Integrating cognitive map learning and active inference for planning in ambiguous environments
This work addresses the challenge of robust planning under uncertainty for autonomous agents or AI systems, representing an incremental advance by combining existing models in a novel way.
The paper tackled the problem of integrating cognitive map learning with planning mechanisms for navigation in ambiguous environments, proposing a method that combines a cognitive map model with active inference and showing that the active inference agent outperforms a naive agent in challenging scenarios with ambiguous sensory information.
Living organisms need to acquire both cognitive maps for learning the structure of the world and planning mechanisms able to deal with the challenges of navigating ambiguous environments. Although significant progress has been made in each of these areas independently, the best way to integrate them is an open research question. In this paper, we propose the integration of a statistical model of cognitive map formation within an active inference agent that supports planning under uncertainty.
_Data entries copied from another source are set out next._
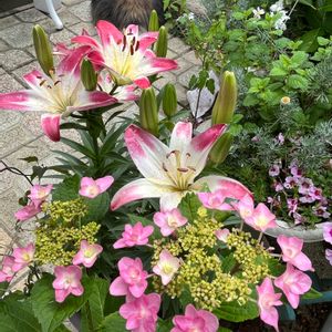 紫陽花2番手は 💗春よ恋💗 (山アジサイ✖️西洋紫陽花?) 上の花は💗百合ロリポップ💗かな?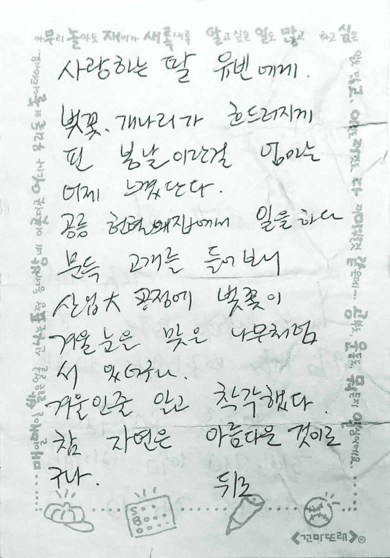 씩씩하게 자라주어 고맙기도 하고 자랑스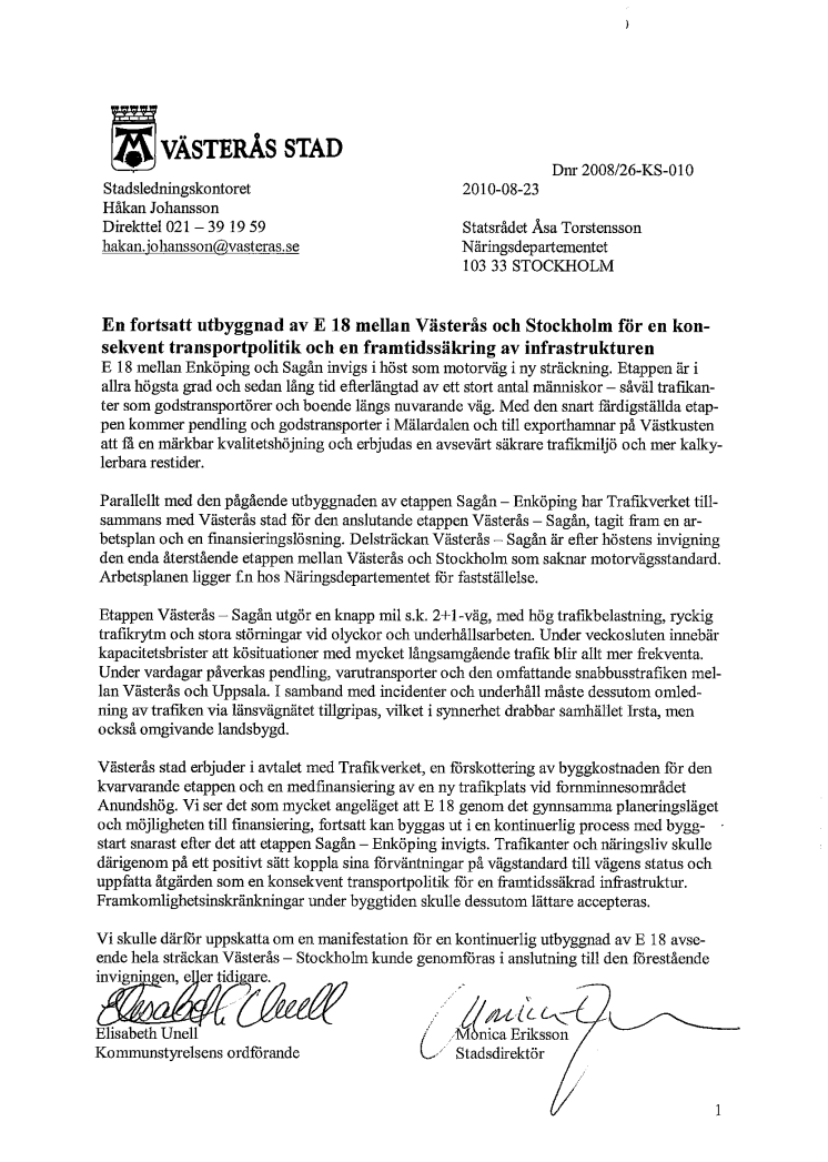 Elisabeth Unell, kommunstyrelsen ordförande, och Monica Eriksson, stadsdirektör, har vänt sig till Åsa Torstensson, infrastrukturminister, i ett upprop för en fortsatt utbyggnad av E 18 mellan Västerås och Stockholm.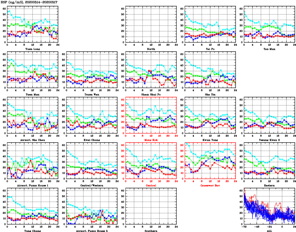 | Air Quality Data Time Series for RSP (2020/05/17) | ( Line colors: Day -3 Day -2 Day -1 Current day ) | 2D Map Current AQHI |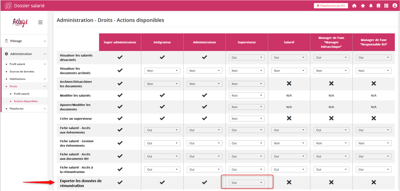 Cette fonctionnalité est ouverte aux administrateurs par défaut. En revanche pour donner la possibilité aux superviseurs d’exporter les données de rémunération (dans la limite de leur périmètre), il faut activer le droit dans Administration> Droits> Actions disponibles.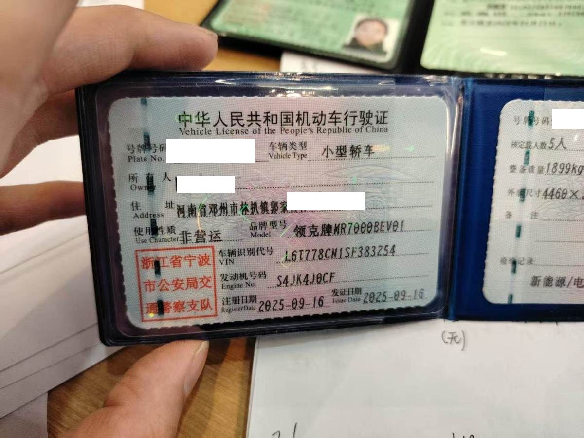 初次登记日期 2025-09-16 车辆名称 领克牌

Specifically, we examine the clone-structured cognitive graph (CSCG) model of cognitive map formation and compare a naive clone graph agent with an active inference-driven clone graph agent, in three spatial navigation scenarios. Our findings demonstrate that while both agents are effective in simple scenarios, the active inference agent is more effective when planning in challenging scenarios, in which sensory observations provide ambiguous information about location.